The cost is that cleanup operations have to be in destructors. Do that, and exceptions demand almost no attention.
Problems show up only when some prima donna declares throwing exceptions from what they call isn't allowed.
Google uses absl::Status / absl::StatusOr as a replacement for what people would usually use exceptions for.
The benefits:
1. As an end user of a large library I can tell you exactly which calls are "guaranteed" to succeed without learning anything else about the code.
2. It is impossible to ignore a Status/StatusOr which makes it impossible to ignore a failure. You have to explicitly ignore the return value which is easy to spot in code review.
3. You can return your exception across RPC an boundary with added detail so if a caller of your service.
4. You can (very easily) enrich the Status with metadata at every single point. So much so that it is very common.
5. You can enrich the way "exceptions" works in a way that makes sense for your company by changing the structure of Status.
Cons:
1. It is more unnatural than dedicated syntax like try/catch.
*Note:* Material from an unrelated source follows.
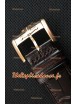 Bracelet en cuir véritable avec fermoirs pliants en acier inoxydable plaqué Rose Or avec marquages et gravures JCL
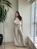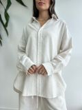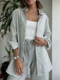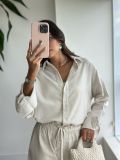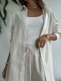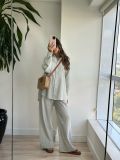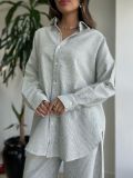 A camisa é perfeita para ser usada com a calça no mesmo tecido, criando um look harmônico e cheio de estilo.

2. You can't bubble exceptions up the stack automatically so there are macros that do this for you (https://cs.opensource.google/search?q=ASSIGN_OR_RETURN&sq=)
2. an exception cannot be ignored either.
3. you can transform an exception into a value or even code them as values.
4. See nested_exception.
You see how that isn't particularly helpful or constructive to discussion, right?
Maybe you'd like to at least point out the very large scale systems that are using and getting benefits from exceptions, as you claim exists? I can't personally name a single one.
And, we want our functions to be small, do one thing, and be easily composed.
The problem with Result and their ilk is that they pile on overhead at function-call boundaries, exactly the place where you need design to be fluid.
The great insight behind C++ was that cleanup, packaged and applied automatically, eliminates opportunities for mistakes, freeing up our attention. Exceptions apply that to error handling by running the same, well tested code when errors happen, and gathering error events to a place where we are equipped to do something useful about them.
Now that we often don't even need to code destructors anymore -- the compiler does it better -- our attention is freed for real-world problems. And, not needing to worry about propagating errors up the stack, we can focus on arguments and control moving down and results up.
Attention is easiest to manage in a small program. There just isn't as much to think about. In a big program, with many people involved, it costs a lot more to deal with extra junk, choices about how to bubble errors out. Structuring error handling into destructors and exceptions provides a common framework that burns no discussion time. Everybody gets to concentrate on solving the actual problem, without distraction by incidentals.
We would not be having this discussion if Google had not imposed its rule banning exceptions, which we know was imposed just to accommodate legacy code that did not have destructors. Now they have a thousand times as much code, still without good destructors. Wouldn't it have been less work to fix that code, then, than to impose its costs on everyone today?